With the aging of the population, such problems will only get worse, the researchers said.

“Thousands of more lives will be needlessly lost if something isn’t done,” Brook said. “It’s not that doctors are evil or nurses incompetent. The system itself works against the delivery of quality.”

Several key areas need to be fixed, the report said, including the way doctors themselves do their jobs. In an era of high-tech medicine marked by dazzling advances in treatments, diagnostics and surgical techniques, doctors are still clinging to practices rooted in the 19th century. They rely on often illegible, messy, handwritten notes to track patients’ progress and are expected to remember appropriate approaches to treating a wide variety of disease, rather than referring to formal guidelines.

“It’s shocking how rudimentary the practice of medicine is,” McGlynn says. “Airline pilots have checklists. Why not in medicine? But physicians balk at practicing what they call ‘cookbook medicine.’ ”

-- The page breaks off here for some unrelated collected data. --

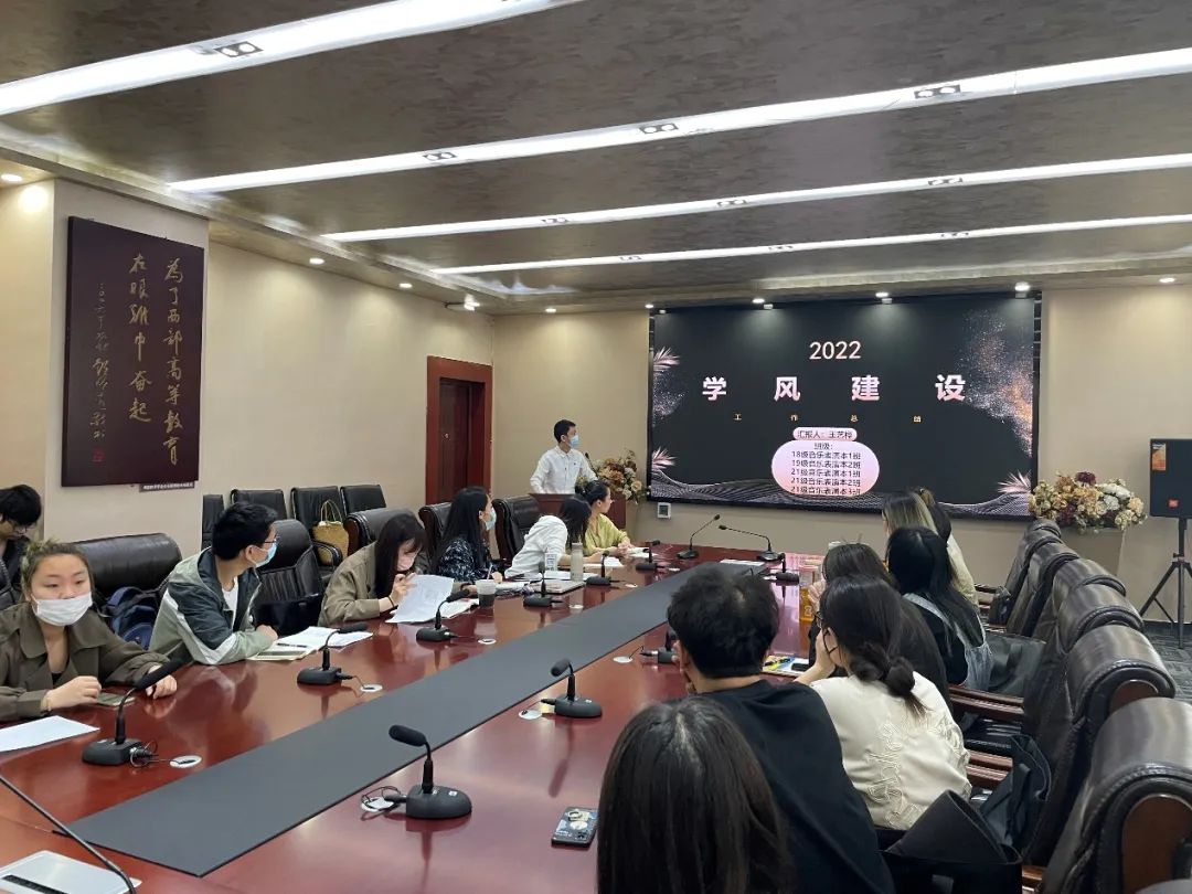 beat365平台官方网站音乐舞蹈学院2021—2022学年第二学期学风建设期中汇报于4月25日及5月9日安仁校区贡院二会议室举行。音乐舞蹈学院党委副书记陈一新老师以及音乐舞蹈学院全体辅导员到场参加。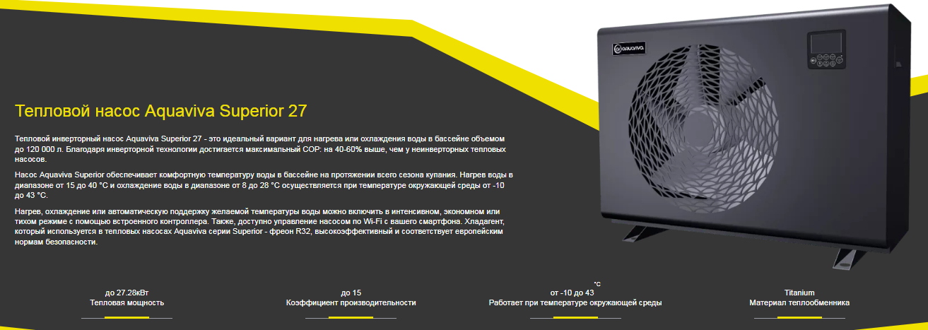 Тепловой инверторный насос Aquaviva Superior 27 (27.28 кВт) WiFi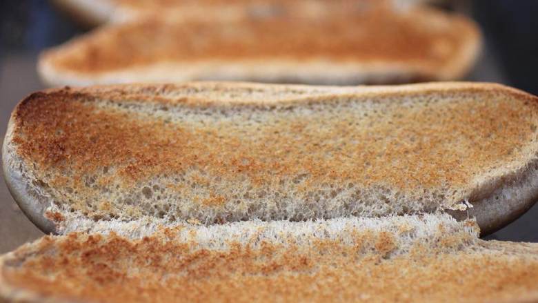 6. 将全麦热狗面包 热一下。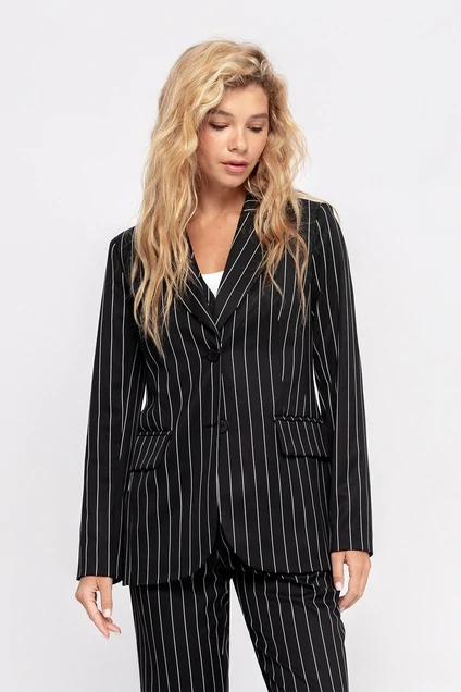 Детали: полуприлегающий силуэт, талиевые вытачки, пиджачный воротник, застежка на две петли и пуговицы, функциональные карманы, рукава и спинка со шлицами, жакет на подкладке из 100% вискозы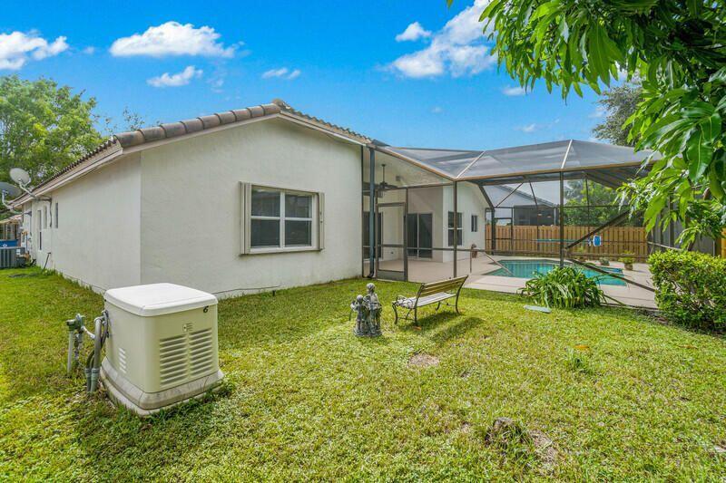 Welcome home….5 bedroom, 3.5 bath single family pool home in the beautiful community, Estates of Lyons Gate. This lovely home with great curb appeal features neutral colors throughout, new washer/dryer, a 2010 concrete tile roof, 2022 a/c, partial accordion shutter hurricane protection, a screened in patio with private pool and a separate side yard with fruit trees and a full house underground home generator. Low $65.00 per month HOA and fabulous community located near shopping, restaurants, and great schools, Please note that the garage was partially converted into the fifth bedroom and full bath (all was fully permitted). Garage has ample storage space.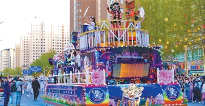 傍晚時(shí)分,青海西寧市城北區(qū)豹街開啟花車巡游。記者 曹繼煒 攝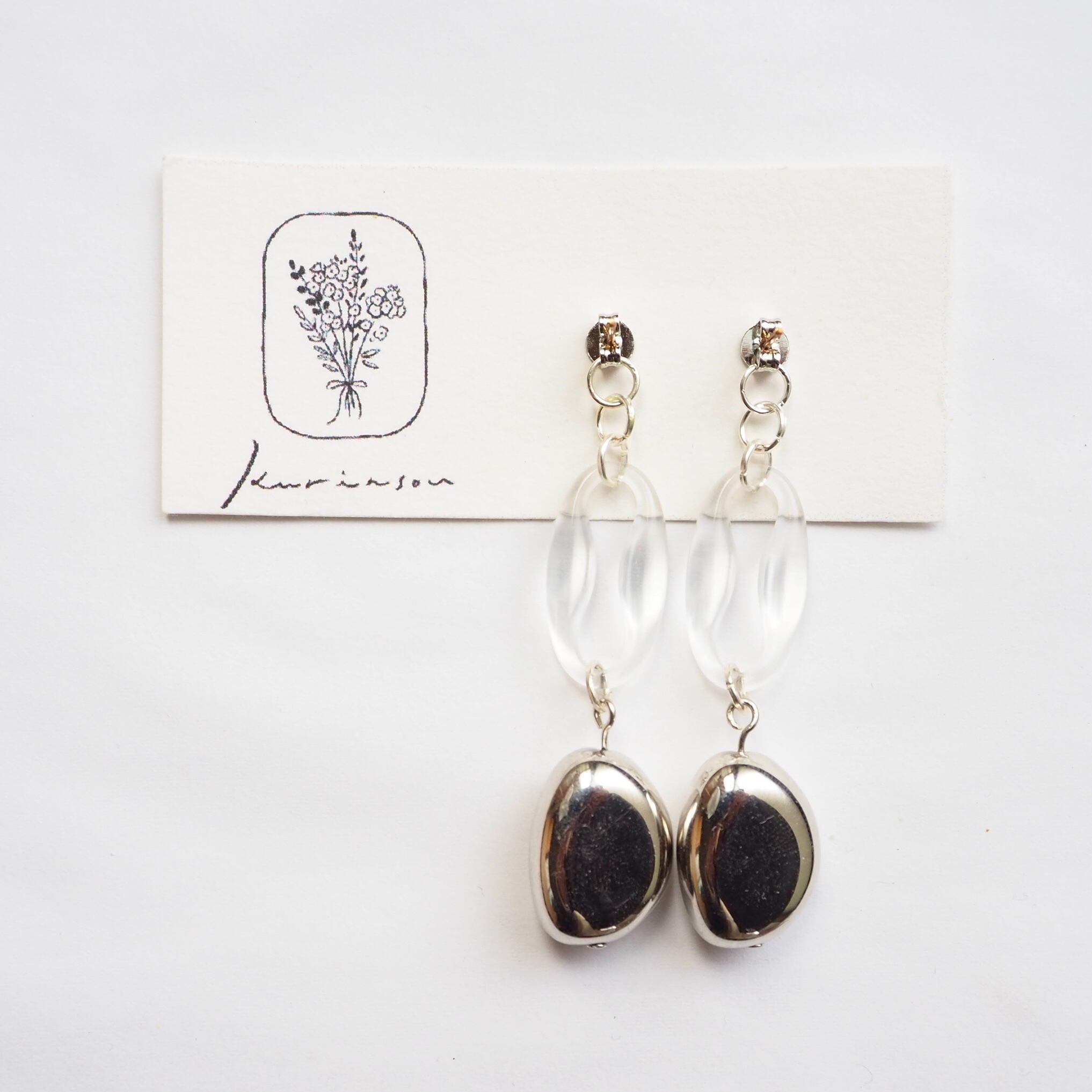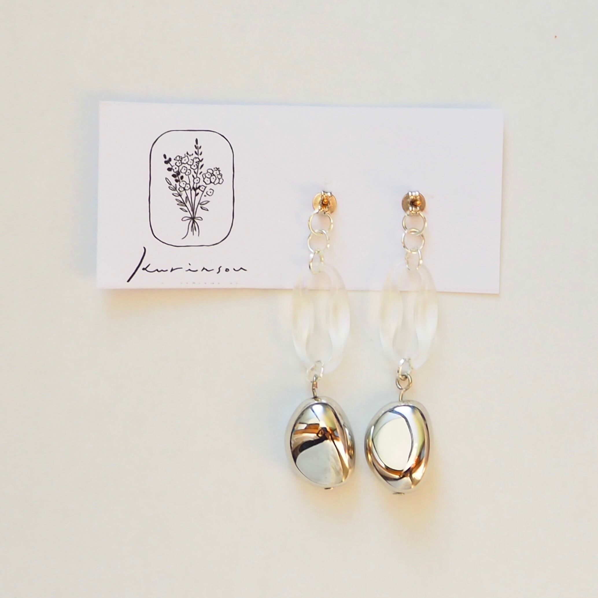 豆型のシルバーとクリアのフープ

Studies have consistently shown that implementing standard procedures yields a higher quality of care and better survival rates. Yet the Rand researchers found no national tracking system for ensuring that the best practices are used, or any method for pinpointing defects and correcting them before someone dies. And because there is no way to identify who is doing a good job, and who isn’t, there are no financial incentives to drive poor-quality hospitals, medical groups and doctors out of business.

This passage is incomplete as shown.